#### How to complete this task
Through to the final line, write out the records below exactly, omitting any images they contain.

[Dataset content]

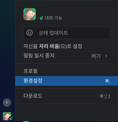 1-1) 좌측 하단 프로필 클릭 > 환경설정
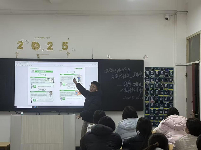 辅导员黄佳聚焦网络刷单诈骗、虚假中奖诈骗等常见骗局,详细拆解了诈骗分子的作案流程和话术陷阱,提醒学生们警惕“低投入、高回报”的虚假宣传,切勿轻信陌生人的转账要求。
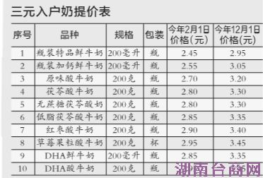 平均涨8%袋装鲜奶和入户奶分别涨0.2元、0.5元
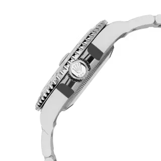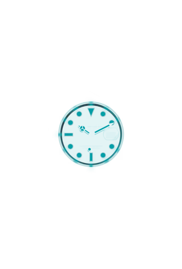 Dial: Rhodium grey with luminous hour markers, aqua blue seconds hand
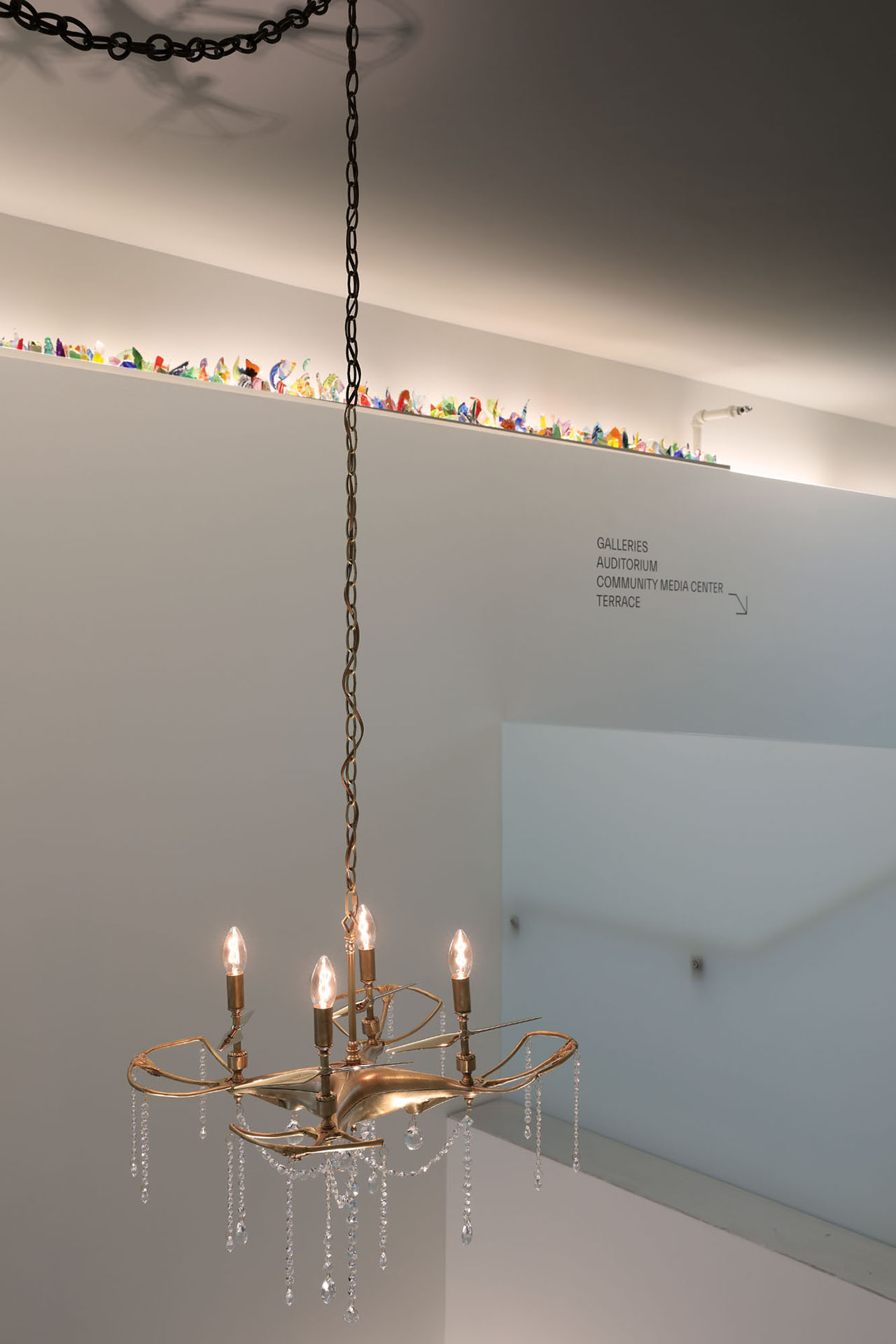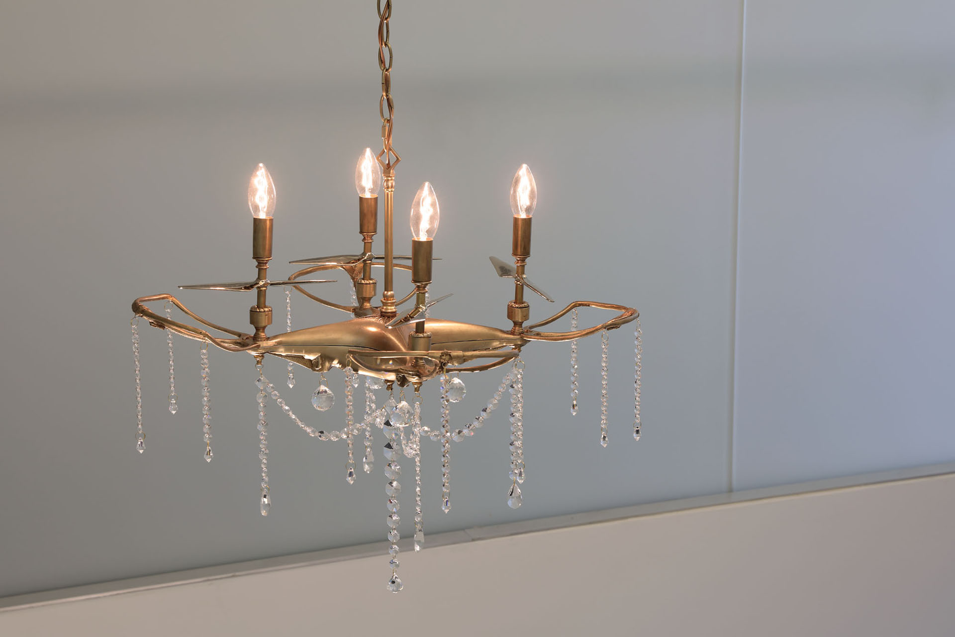 cast brass, PVD gold-plated brass, found crystal, lead crystal, lighting hardware, wiring
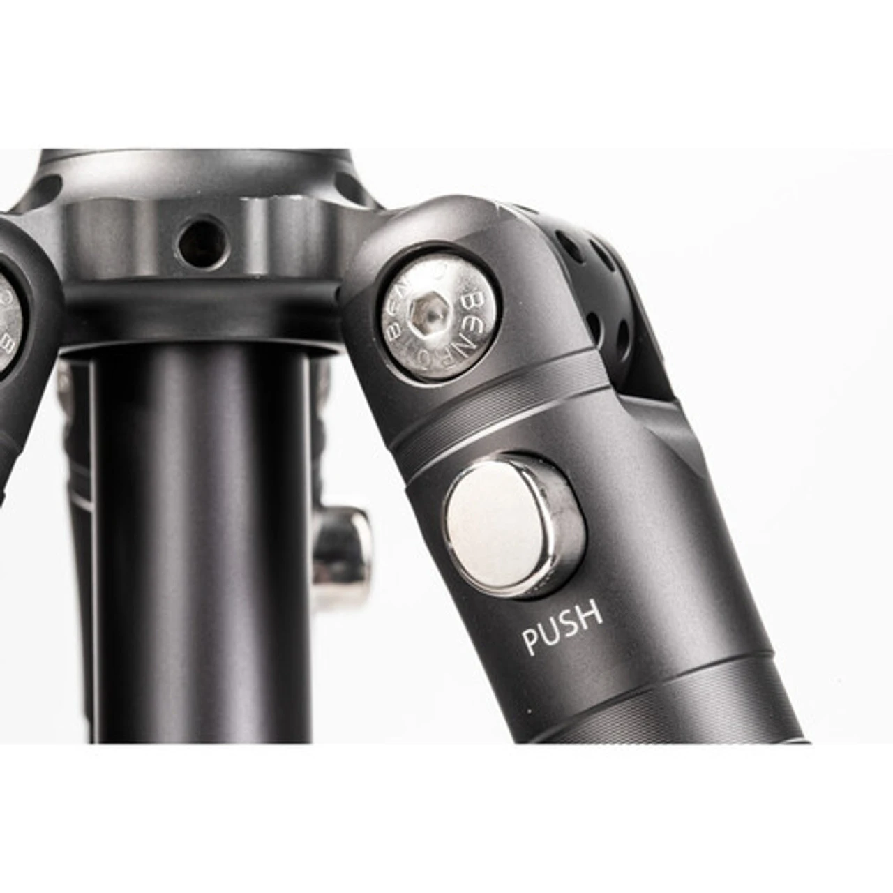 The Bat Zero Series Aluminum Travel Tripod with VX20 Ball Head from Benro is a compact, lightweight tripod with a high load capacity and remarkable stability. The legs offer independent positioning with 5 available preset leg angles, allowing the legs to be placed in more positions that traditional tripods are capable of. The legs are also reversible for inverted shooting and compact storage and travel. The auto-hold leg position trigger makes adjusting the tripod leg angles quick and easy. The aluminum leg spider features three 1/4″-20 accessory mounts for attaching accessory extension arms, monitors, lights, and more. The rubber feet feature three distinct contact surface providing a grip whether the legs are vertical, on an angle, or nearly horizontal when positioned.
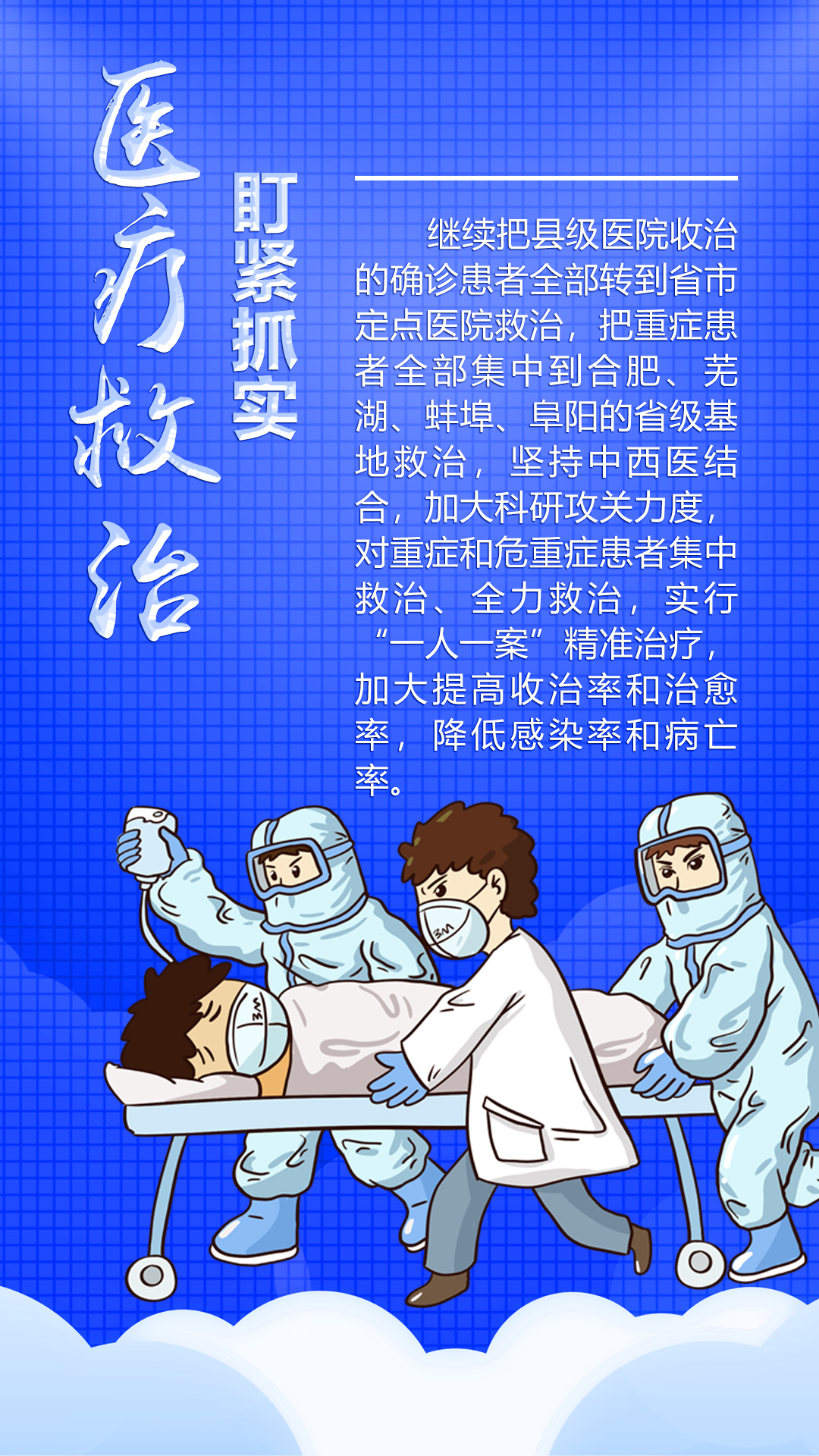 继续把县级医院收治的确诊患者全部转到省市定点医院救治,把重症患者全部集中到合肥、芜湖、蚌埠、阜阳的省级基地救治,坚持中西医结合,加大科研攻关力度,对重症和危重症患者集中救治、全力救治,实行“一人一案”精准治疗,加大提高收治率和治愈率,降低感染率和病亡率。
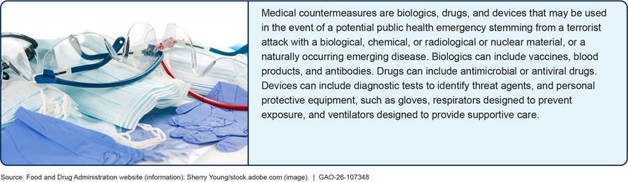 HHS is the federal department most directly involved in leading public health preparedness and response research. This includes research on known and emerging pathogens that could pose a public health threat as well as research that supports the development of medical countermeasures to help mitigate these threats. See figure 1.

[/Dataset content]

#### Solution for this task
 1-1) 좌측 하단 프로필 클릭 > 환경설정
 辅导员黄佳聚焦网络刷单诈骗、虚假中奖诈骗等常见骗局,详细拆解了诈骗分子的作案流程和话术陷阱,提醒学生们警惕“低投入、高回报”的虚假宣传,切勿轻信陌生人的转账要求。
 平均涨8%袋装鲜奶和入户奶分别涨0.2元、0.5元
 Dial: Rhodium grey with luminous hour markers, aqua blue seconds hand
 cast brass, PVD gold-plated brass, found crystal, lead crystal, lighting hardware, wiring
 The Bat Zero Series Aluminum Travel Tripod with VX20 Ball Head from Benro is a compact, lightweight tripod with a high load capacity and remarkable stability. The legs offer independent positioning with 5 available preset leg angles, allowing the legs to be placed in more positions that traditional tripods are capable of. The legs are also reversible for inverted shooting and compact storage and travel. The auto-hold leg position trigger makes adjusting the tripod leg angles quick and easy. The aluminum leg spider features three 1/4″-20 accessory mounts for attaching accessory extension arms, monitors, lights, and more. The rubber feet feature three distinct contact surface providing a grip whether the legs are vertical, on an angle, or nearly horizontal when positioned.
 继续把县级医院收治的确诊患者全部转到省市定点医院救治,把重症患者全部集中到合肥、芜湖、蚌埠、阜阳的省级基地救治,坚持中西医结合,加大科研攻关力度,对重症和危重症患者集中救治、全力救治,实行“一人一案”精准治疗,加大提高收治率和治愈率,降低感染率和病亡率。
 HHS is the federal department most directly involved in leading public health preparedness and response research. This includes research on known and emerging pathogens that could pose a public health threat as well as research that supports the development of medical countermeasures to help mitigate these threats. See figure 1.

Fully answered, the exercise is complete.